Именно потому Роксолана пришла в ужас от известия о возвращении соперницы. Понятно, что Махидевран приехала не столько ради прощания с умершей валиде, сколько чтобы занять ее место. Но место во главе гарема только одно. Кому оно принадлежит теперь? По прежнему неписаному закону – Махидевран, как баш-кадине. Но теперь существовала Хуррем – законная жена Повелителя, это куда выше баш-кадины. Кто должен рассудить? Только султан. Как он рассудит?
Как бы ни рассудил, для Роксоланы все плохо. Гарем за Махидевран, даже те обитательницы женского царства, что терпеть ее не могли, готовы поддержать, лишь бы против самой Роксоланы. Она не раз плакала, жалуясь Зейнаб:
– За что они меня ненавидят? Неужели потому, что я не такая, как все? Я же не сделала ничего плохого.

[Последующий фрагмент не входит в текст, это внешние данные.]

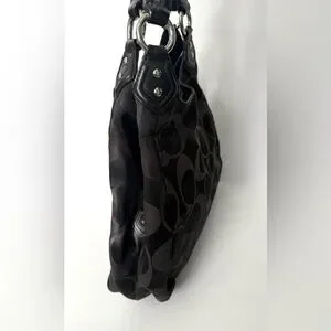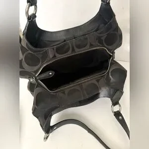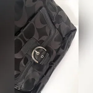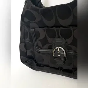 Coach Signature Canvas Campbell Leather Shoulder Bag Hobo Buckle Pocket Y2K.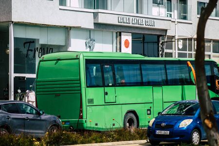 Limassol Cyprus March 20, 2020 View of a traditional intercity bus rolling in the streets of Limassol in the afternoon

Старуха спокойно отвечала:
– За любовь Повелителя. Если бы он вас разлюбил, вас бы в гареме жалели. Выбирайте.
– Нет! – кричала Роксолана. – Только не это! Пусть лучше весь гарем ненавидит, только не потерять любовь Повелителя!
Зейнаб кивала:
– Верно, жалостью гарема не проживешь, а вот любовью Повелителя можно.
– Я… не потому… я просто его люблю…
– И хорошо, потому что жить с нелюбимым тяжело…
И вот теперь гарем дружно встал на сторону Махидевран, которая мгновенно почувствовала себя героиней.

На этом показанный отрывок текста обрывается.